DEV Community

Alain Airom
Alain Airom

Posted on

Behind the scenes of Docling PDF Parsing

Docling PDF Parsing with “heron”

Introduction

While recently discussing PDF extraction capabilities with a customer, I revisited the Docling documentation and noticed a significant update I hadn’t noticed before: ‘📑 New layout model (Heron) by default, for faster PDF parsing.’ Although this update has been out for a few months, it prompted me to dive deeper into what exactly ‘Heron’ is and why the team chose it as the new cornerstone for Docling’s document understanding.

Why “Heron” is the New Default

The “plunge” reveals that Heron isn’t just a minor patch — it’s a major architectural leap forward for Docling. Developed by IBM Research, Heron is based on the RT-DETRv2 (Real-Time DEtection TRansformer) architecture.

The “Why” Behind the Choice:

  • Massive Accuracy Gains: Heron provides a 23.5% gain in mAP (mean Average Precision) compared to the old Docling baseline. This means it is significantly better at “seeing” the difference between a title, a paragraph, and a picture.
  • Speed (Real-Time Performance): Heron is optimized for speed. On a standard NVIDIA A100 GPU, the “Heron-101” variant can process a page in just 28ms, making it one of the fastest layout models in the open-source community.
  • Superior Table & Multi-Column Handling: The primary reason Docling chose Heron is its ability to maintain the “logical reading order” in complex layouts. It prevents the common “word salad” effect found in traditional PDF parsers by mapping text to visual bounding boxes first.

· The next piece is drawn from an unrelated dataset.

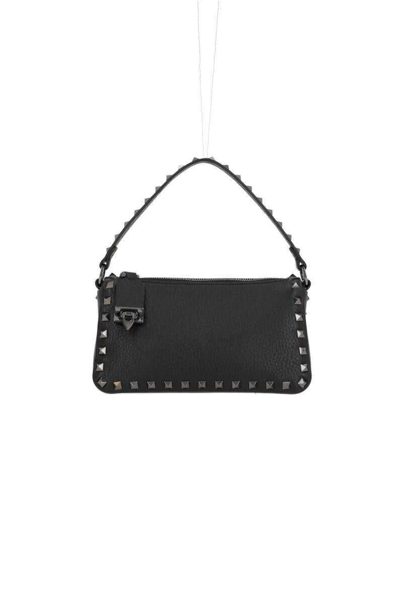 Valentino Garavani's shoulder bag crafted in black grained leather adorned with signature ruthenium-tone metal studs. Featuring zip and hook closure, top handle and removable shoulder strap. Tone-on-tone suede-lined interior with card slot. The design is completed by the unmistakable logo embossed at back.

  • Comparison at a Glance;


| Metric               | Old Docling Model | New Heron Model (Default)        |
| -------------------- | ----------------- | -------------------------------- |
| **Architecture**     | RT-DETRv1         | **RT-DETRv2**                    |
| **mAP (Accuracy)**   | ~54%              | **~77%**                         |
| **Primary Strength** | Basic detection   | **Complex layout & table logic** |
| **Inference Time**   | Moderate          | **Ultra-Fast (Real-time)**       |
Enter fullscreen mode Exit fullscreen mode

Usage and Implementation

Integrating Docling into a Python project instantly provides your application with enterprise-grade extraction capabilities. By simply running pip install docling, you gain access to the Heron layout model out-of-the-box, allowing you to transform massive volumes of complex PDFs into structured, machine-readable data with minimal scaffolding. This 'plug-and-play' approach ensures that even the most intricate multi-column reports or dense technical papers are parsed with high-fidelity accuracy from day one.

from pathlib import Path

from docling.datamodel.base_models import InputFormat
from docling.datamodel.pipeline_options import (
    PdfPipelineOptions,
    TableStructureOptions,
    TesseractCliOcrOptions,
)
from docling.document_converter import DocumentConverter, PdfFormatOption


def main():
    data_folder = Path(__file__).parent / "../../tests/data"
    input_doc_path = data_folder / "pdf/2206.01062.pdf"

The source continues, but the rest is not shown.